Summary: In many sequential planning applications a natural
approach to generating high quality plans is to maximize an
information reward such as mutual information (MI). Unfortunately, MI
lacks a closed form in all but trivial models, and so must be
estimated. In applications where the cost of plan execution is
expensive, one desires planning estimates which admit theoretical
guarantees. Through the use of robust M-estimators we obtain bounds on
absolute deviation of estimated MI. Moreover, we propose a sequential
algorithm which integrates inference and planning by maximally reusing
particles in each stage. We validate the utility of using robust
estimators in the sequential approach on a Gaussian Markov Random
Field wherein information measures have a closed form. Lastly, we
demonstrate the benefits of our integrated approach in the context of
sequential experiment design for inferring causal regulatory networks
from gene expression levels. Our method shows improvements over a
recent method which selects intervention experiments based on the same
MI objective. In our analysis we:
- formulate the estimator bias,
- establish a central limit theorem and consistency,
- show probabilistic bounds of estimator deviation for finite samples,
- and present a probabilistic statement of plan quality.
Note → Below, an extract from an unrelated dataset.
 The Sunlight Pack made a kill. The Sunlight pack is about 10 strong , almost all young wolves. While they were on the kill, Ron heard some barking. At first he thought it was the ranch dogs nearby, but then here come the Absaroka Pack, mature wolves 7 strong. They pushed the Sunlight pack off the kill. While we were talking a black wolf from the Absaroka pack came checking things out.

Related SLI papers: The work of Ertin et al formulating MI in
dynamic sensor query problems Ertin 2003, Williams et al
formulating information-driven sensor planning as constrained
optimization Williams 2007, and Siracusa et al on
Bayesian structure inference Siracusa 2009.
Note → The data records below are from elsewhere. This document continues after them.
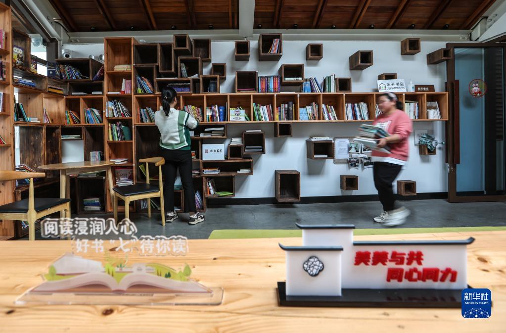 4月19日,工作人員在江村小書齋整理少兒讀物。
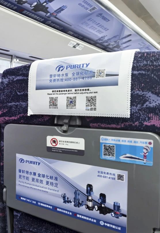 “普軒特號”高鐵專列以“普軒特水泵,全球化標準”為主旨,在車廂內(nèi)以全面覆蓋的宣傳形式,將專列打造成展示普軒特形象的“移動展廳”,深度刻畫普軒特對全球標準的堅定態(tài)度
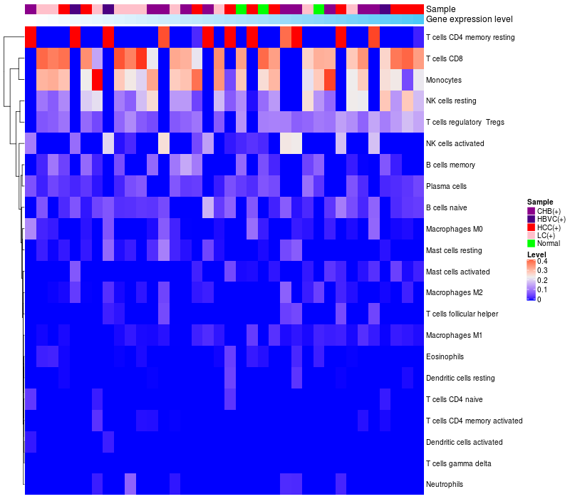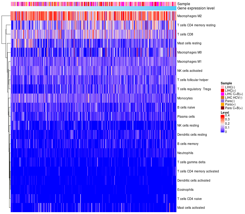 Liver hepatocellular carcinoma HCV (HBV+)(86), Liver hepatocellular carcinoma HCV (HBV-)(19), Liver hepatocellular carcinoma (HBV+)(209), Liver hepatocellular carcinoma (HBV+)(60), Paracancerous HCV (HBV+)(4), Paracancerous (HBV-)(28), Paracancerous (HBV+)(18) |
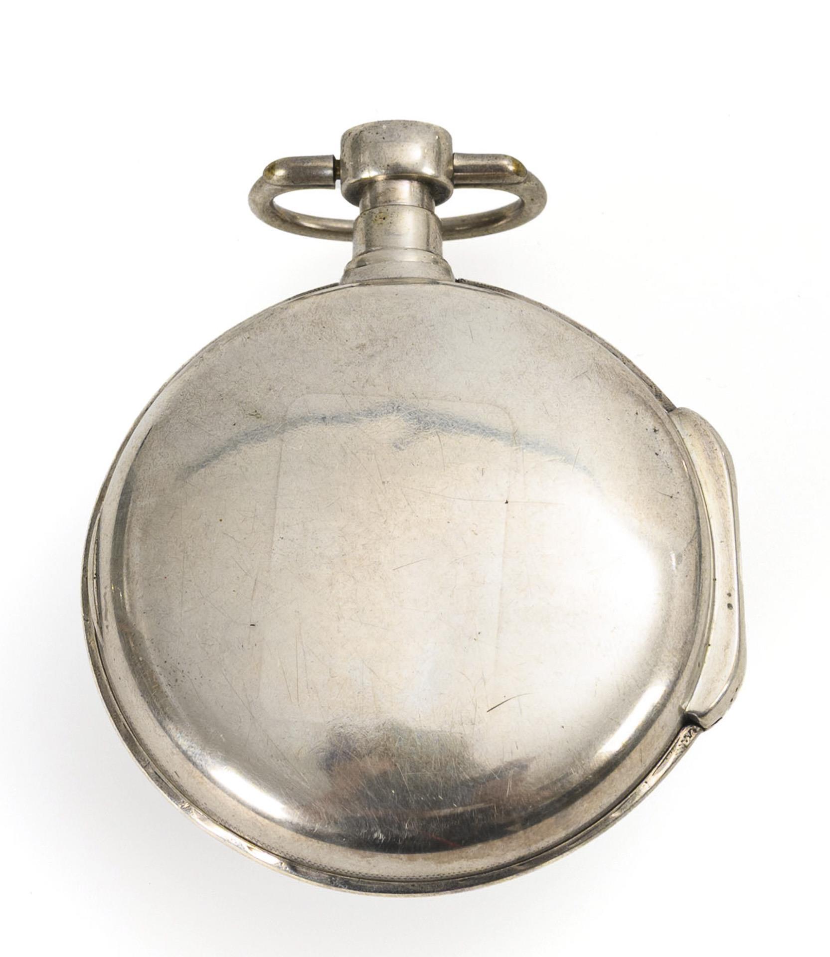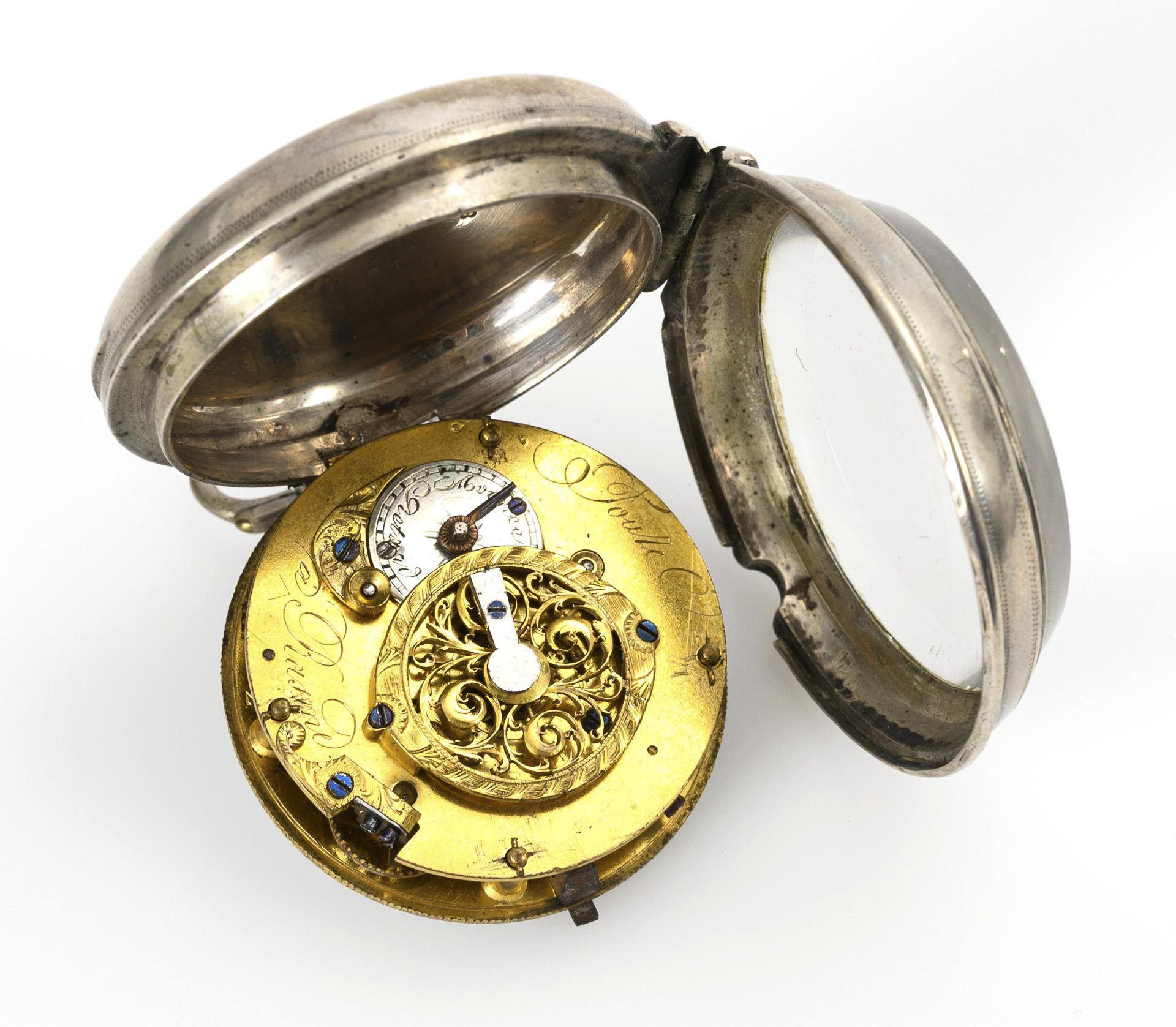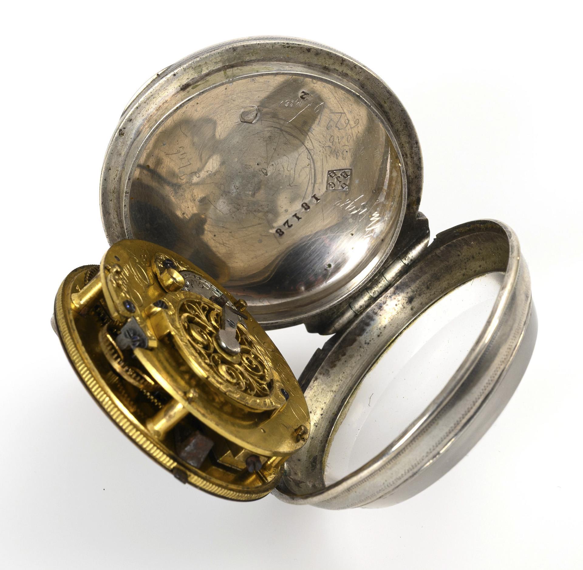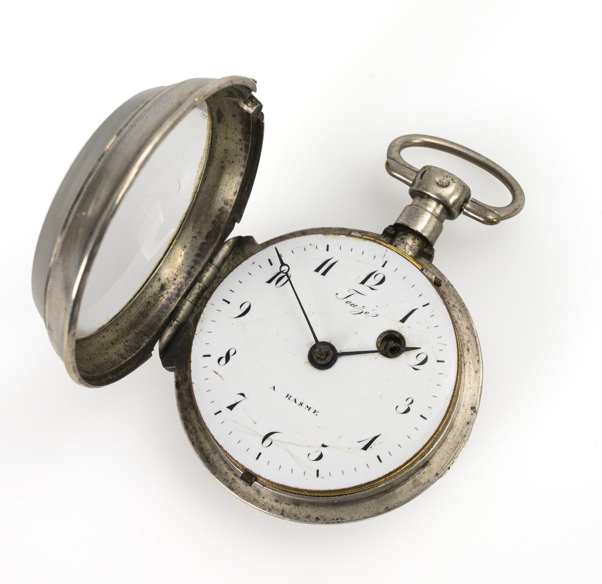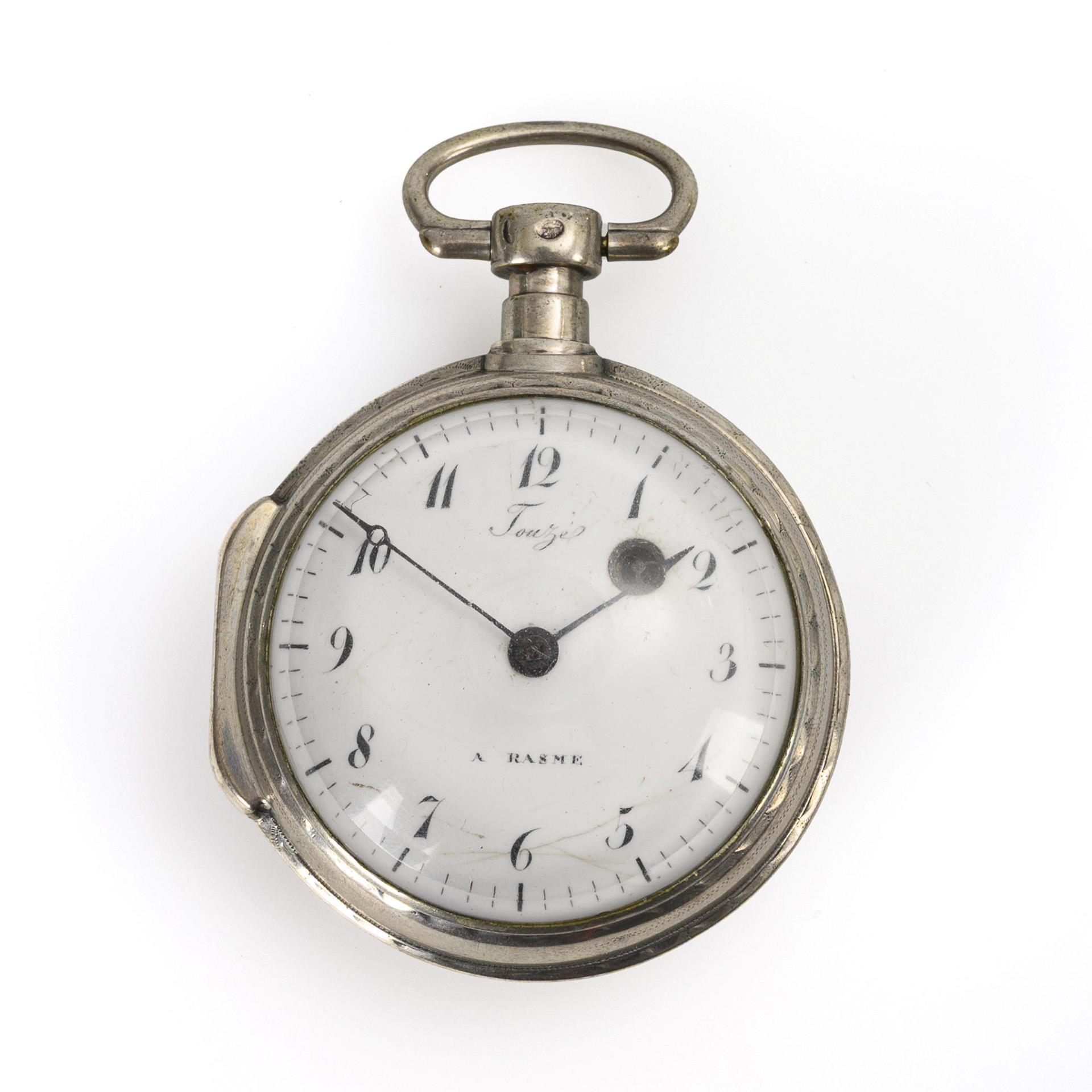 "Touzé à Rasme" signed brass full plate movement with florally pierced verge bridge, cylindrical movement pillars, blued screws, verge escapement, chain and fusee, keywind. Functional in short-term test, overhaul recommended. White enamel dial marked "Touzé à Rasme" with Arabic numerals, minute ring and Breguet hands.

We derive a sequential algorithm is motivated by sequential
importance sampling (IS) for static models introduced by Chopin
2002; a special case of resample-and-move for dynamical systems
(Gilks & Berzuini 2001). Drovandi et al. 2014 propose a similar
approach for experimental design in model selection, though they only
consider discrete observations and rely on the standard IS estimate of
the model evidence. It requires \(N\) posterior samples at each stage
\(t\) and for each action \(1,…,A\) an additional \(M\) posterior samples are
needed. Sample complexity is thus \(O\left(TNAM\right)\). As a practical
alternative we propose a sequential importance sampling approach that
encourages sample reuse thereby reducing computation.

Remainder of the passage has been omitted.